Termosifoni: come pulirli all'interno e all'esterno

Termosifoni: come pulirli all'interno e all'esterno

La cura e la pulizia dei termosifoni sono una pratica molto importante per garantire un ottimo stato nel tempo e un funzionamento ottimale, vediamo insieme come pulire e come manutenere i termosifoni nel modo migliore.

Termosifoni: caratteristiche e funzionamento

Il termosifone, chiamato anche calorifero, è un radiatore istallato nelle singole abitazioni di una casa. La sua funzione principale è quella di riscaldare l'ambiente interno, ma anche di eliminare l'umidità e garantire la circolazione di un'aria più salubre. In commercio ne esistono di tantissimi tipi che si differenziano per stile, materiali e strutture. Per quanto riguarda i materiali possiamo differenziare quelli in ghisa, in alluminio e in metallo. I termosifoni presenti in un'abitazione possono essere montati seguendo due modalità diverse. Esiste l'installazione in parallelo dove l'acqua calda entra nella parte in alto del termosifone e l'acqua fredda esce nella parte più in basso: in questo caso sono necessarie due valvole opposte, una in alto e l'altra in basso. La seconda opzione è l'installazione in serie che prevede una sola valvola per l'entrata dell'acqua calda e l'uscita di quella fredda.

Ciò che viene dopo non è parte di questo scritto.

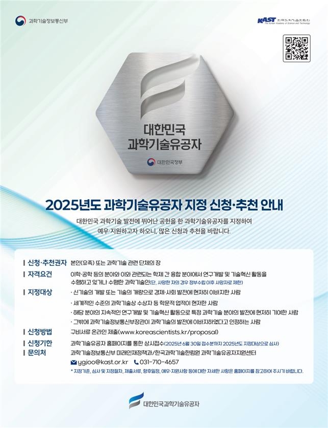 누구나 소셜미디어(SNS)에 소개하고 싶은 과학기술인 공적에 관한 에세이를 등록하면 후보자 발굴에 반영하는 것으로, 에세이 공모 기간은 5월 31일까지다.
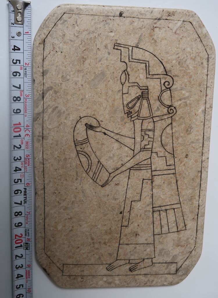 The reverse side simplifies the narrative. Here, the same being is shown in profile, kneeling or seated, holding a curved vessel close to its body. The vessel appears purposeful, as if designed to receive, contain, or pour something intangible. Without the prominent eye-disk, the figure becomes quieter, introspective, suggesting preparation or ritual rather than observation.
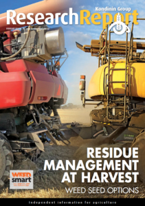 - Capture weed seed survivors at harvest using weed seed impact mills, chaff lining, chaff tramlining/decking, chaff carts, narrow windrow burning, or bale direct.
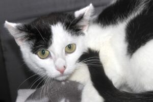 Farbe: schwarz-weißDie Katzenmutter stammt von einer unkontrollierten Vermehrung in Obergriesheim und hat sich mit ihren Kindern in einer Scheune niedergelassen. Am 02.08.2025 konnte die Familie gesichert werden.
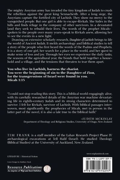 The mighty Assyrian army has invaded the tiny kingdom of Judah to crush the rebellion against the great king Sennacherib. After a long siege, the Assyrians capture the fortified city of Lachish. They show no mercy to the vanquished people. But one girl is able to escape-Rivkah. She hides in the hills and finds refuge in the company of other survivors. In a devastated land they seek to rebuild their lives. The words of the prophet Micah-spoken to the people over many years-speak to Rivkah anew, allowing her to see the events in a new light. Drawing on extensive scholarly research, Daughter of Lachish brings to life the world of Ancient Judah. It melds archaeology and biblical studies to tell a story of the people who first heard the words of the Psalms and Prophets. It is a story of one girl, her search for a place in the world, and her quest to make sense of loss and joy. Through her eyes we experience the daily tasks, the seasons of the agricultural year, the bonds that hold together a household and a village, and the tensions that threaten to tear them apart. You who live in Lachish, harness the chariot. You were the beginning of sin to the Daughter of Zion, for the transgressions of Israel were found in you. Micah 1:13

Termosifoni: pulizia e manutenzione

La pulizia e la manutenzione dei termosifoni è fondamentale, soprattutto in vista dell'inverno e quindi della loro accensione quotidiana. Ciò è importante innanzitutto per il loro corretto funzionamento, in quanto con poche accortezze è possibile preservare l'efficienza energetica dell'impianto di riscaldamento riducendo di molto anche i costi in bolletta.

La pulizia dei termosifoni permette anche di mantenere in casa un'aria più salubre prevenendo la diffusione di germi e batteri i quali sono spesso causa di raffreddori e tossi indesiderate. Ricordiamo che la pulizia esterna dei termosifoni può essere effettuata anche quotidianamente mentre, per quanto riguarda quella interna, è importante che i caloriferi siano spenti e freddi quindi sono consigliabili i periodi primaverili e autunnali.

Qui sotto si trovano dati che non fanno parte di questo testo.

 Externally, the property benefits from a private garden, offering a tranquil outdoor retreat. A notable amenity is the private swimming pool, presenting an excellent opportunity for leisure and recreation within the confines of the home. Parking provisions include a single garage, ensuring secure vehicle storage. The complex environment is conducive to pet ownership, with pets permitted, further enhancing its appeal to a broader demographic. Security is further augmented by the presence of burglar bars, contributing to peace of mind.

Pulizia interna dei termosifoni: come effettuarla

La pulizia interna dei termosifoni implica non solo la detersione e l'igienizzazione dell'impianto, ma è necessaria per evitare malfunzionamenti ed eliminare le cosiddette bolle d'aria. La procedura è abbastanza semplice e prevede poche semplici mosse:

  • posizionare alcuni fogli di giornale sotto lo sfiato del calorifero;

  • posizionare una bacinella in corrispondenza dello sfiato;

  • aprire la valvola di sfiato con una pinza o una chiave apposita così da far defluire tutta l'acqua sporca ed eliminare, contemporaneamente, le eventuali bolle d'aria;

  • richiudere la valvola quando termina lo sfiato.

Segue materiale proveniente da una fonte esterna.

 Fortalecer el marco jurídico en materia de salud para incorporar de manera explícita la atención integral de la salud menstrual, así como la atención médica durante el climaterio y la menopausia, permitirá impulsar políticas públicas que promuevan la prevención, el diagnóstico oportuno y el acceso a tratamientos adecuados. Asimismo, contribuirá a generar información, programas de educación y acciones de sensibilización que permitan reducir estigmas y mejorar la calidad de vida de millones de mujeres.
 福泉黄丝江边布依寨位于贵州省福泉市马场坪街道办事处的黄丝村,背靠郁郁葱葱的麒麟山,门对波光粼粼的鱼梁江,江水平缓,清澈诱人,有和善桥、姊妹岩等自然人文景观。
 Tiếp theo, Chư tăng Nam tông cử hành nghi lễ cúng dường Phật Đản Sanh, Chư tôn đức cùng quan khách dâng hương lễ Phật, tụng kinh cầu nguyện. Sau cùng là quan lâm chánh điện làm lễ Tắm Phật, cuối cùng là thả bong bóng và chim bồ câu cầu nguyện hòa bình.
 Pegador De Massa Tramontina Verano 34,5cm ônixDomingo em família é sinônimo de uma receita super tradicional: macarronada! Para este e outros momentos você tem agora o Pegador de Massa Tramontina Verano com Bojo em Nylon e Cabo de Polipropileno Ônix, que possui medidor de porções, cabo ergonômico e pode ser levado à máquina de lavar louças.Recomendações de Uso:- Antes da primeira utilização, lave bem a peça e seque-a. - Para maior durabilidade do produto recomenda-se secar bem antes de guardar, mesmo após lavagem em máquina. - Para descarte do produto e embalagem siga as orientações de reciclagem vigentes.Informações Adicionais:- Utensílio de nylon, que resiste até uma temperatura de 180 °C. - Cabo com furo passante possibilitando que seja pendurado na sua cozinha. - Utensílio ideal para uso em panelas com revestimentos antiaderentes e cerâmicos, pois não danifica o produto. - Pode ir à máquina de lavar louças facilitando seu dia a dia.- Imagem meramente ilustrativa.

Pulizia esterna dei termosifoni: come effettuarla

A differenza di quella interna, la pulizia esterna dei termosifoni è in parte diversificata a seconda del materiale di cui è composto l'impianto. Ecco nello specifico qual è la procedura da seguire step by step:

  • eliminare i residui di polvere che si annidano nelle fessure del termosifone; per eseguire questo passaggio è consigliabile utilizzare un'aspirapolvere con beccuccio e uno scovolino per raggiungere anche gli angoli più difficili; come alternativa è possibile anche adagiare un panno bagnato sotto al termosifone ed uno sulla parete di appoggio, per poi accendere un phon con aria fredda che permetterà allo sporco di accumularsi direttamente sui panni bagnati;

  • igienizzare e pulire in profondità il termosifone con l'utilizzo di un vaporetto o con una spugna imbevuta di acqua e detergente; ricordiamo che per i termosifoni in ghisa è consigliabile l'uso ripetuto di acqua calda e sgrassatore specifico, mentre per i termosifoni in metallo o alluminio è preferibile acqua tiepida e sapone neutro;

  • asciugare tutto il calorifero con un panno in cotone affinché sia rimossa ogni traccia di acqua o detergente in superficie.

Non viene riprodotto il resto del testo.